Design and construction
- Architect: WilkinsonEyre
- Structural engineer: Arup Group
- Services engineer: Arup Group
- Main contractor: ISG

= City Hall, London =

Headquarters of the Greater London Authority

City Hall, in the London Borough of Newham in east London, is the headquarters of the Greater London Authority (GLA), the regional government for Greater London. It replaced the previous City Hall, in Southwark in 2022. The building opened in 2012 and was previously an exhibition centre for sustainable architecture, known as The Crystal. Built and opened by Siemens, it was the first building in the world to reach the highest sustainability award levels in LEED and BREEAM. It was bought by the GLA in 2019 for the London Docklands redevelopment project.

The building is situated next to the redeveloped Royal Victoria Dock in Canning Town. The northern terminus of the London cable car, and Royal Victoria station, the Docklands Light Railway and Custom House railway station on the Elizabeth line are within walking distance. It is close to London City Airport.

==History==
===Exhibition and conference centre===
The Crystal was built as a key part of the Green Enterprise District policy of the London Development Agency.
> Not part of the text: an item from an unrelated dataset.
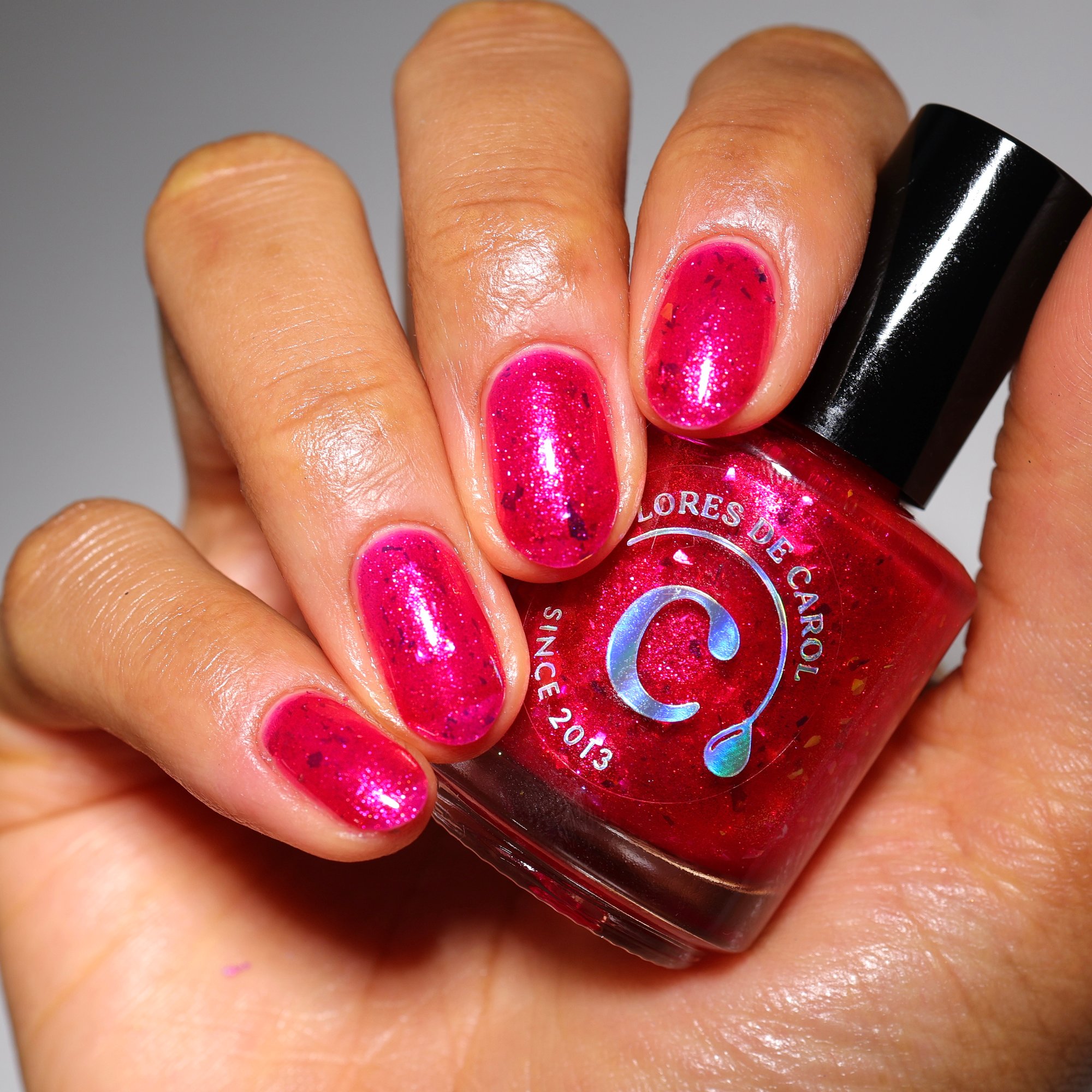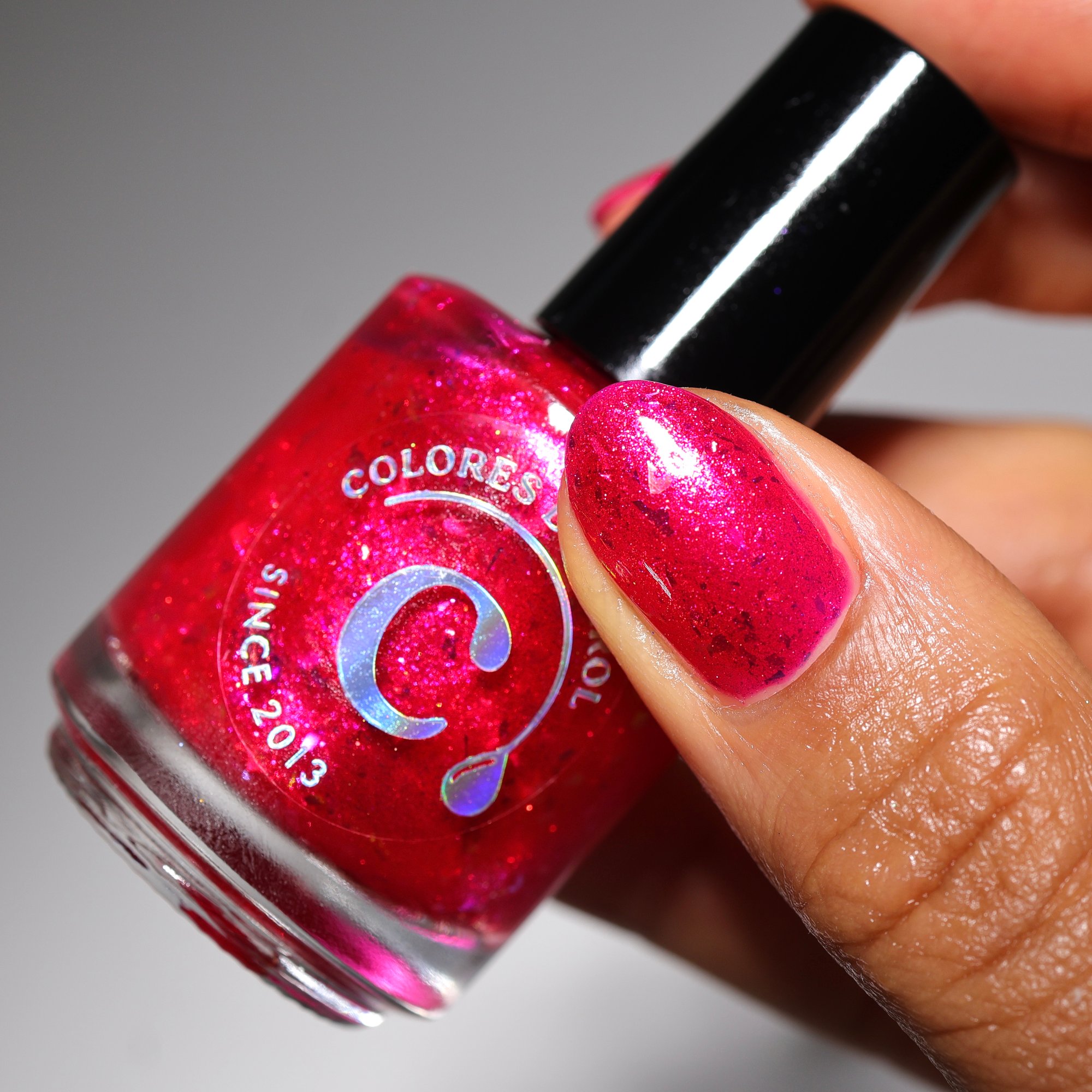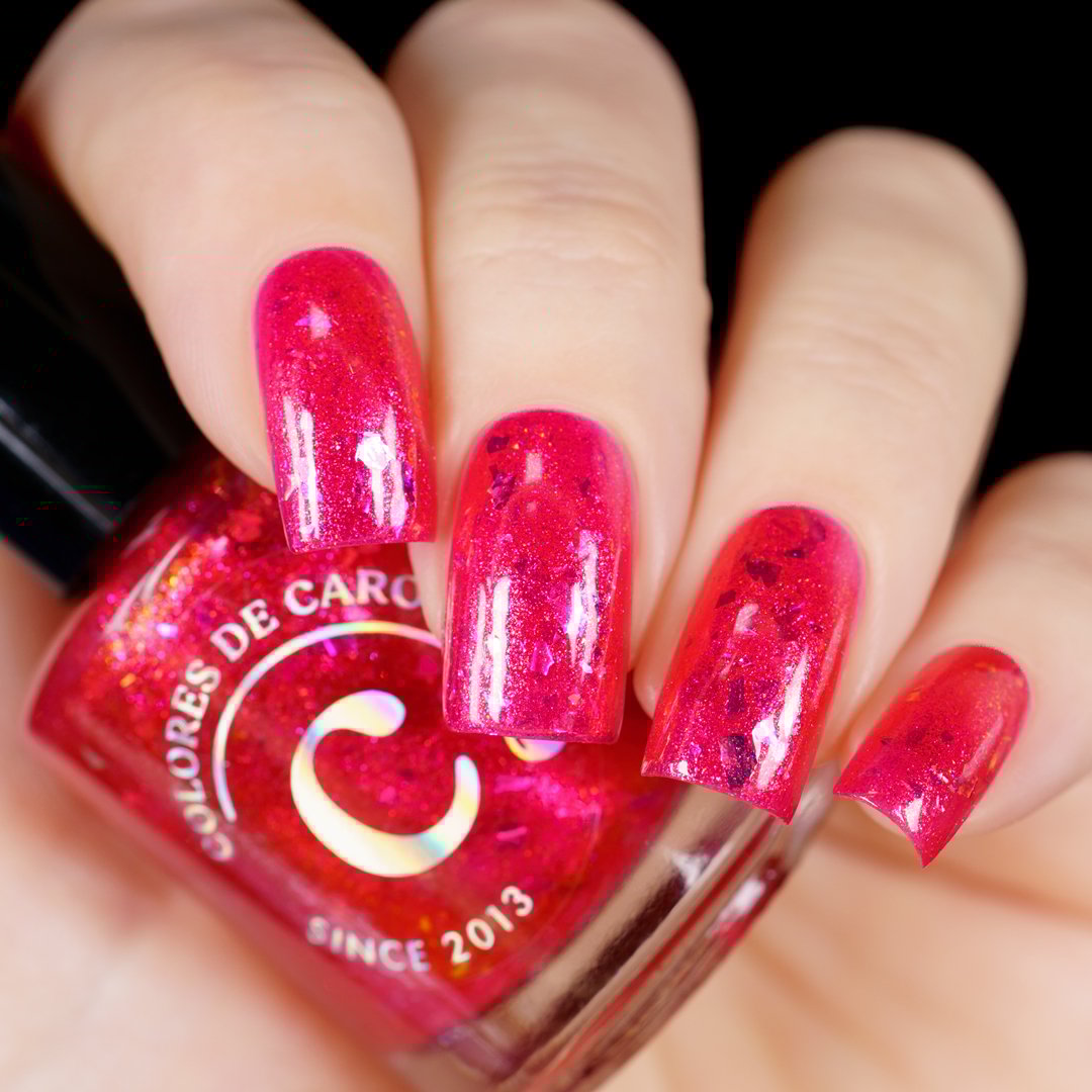 A vibrant hot reddish pink shimmer bursting with luminous sparkle and iridescent Mermaid flakes. Bold, playful, and impossible to ignore, this shade is ready to steal the spotlight like the brightest bloom in the garden.

The building was designed by Perkins+Will (fit-out, design leader) and Wilkinson Eyre Architects (shell and core), with Arup Group who were the building and civil engineers, and Townshend Landscape Architects who designed the public realm. Event Communications were the exhibition designers, responsible for the interpretive planning, exhibition design and creative direction, graphic design, media direction and construction management for the exhibition spaces. The building was the first to achieve the highest sustainable building accolades, platinum and outstanding respectively, from the world's two leading accreditation bodies, LEED and BREEAM.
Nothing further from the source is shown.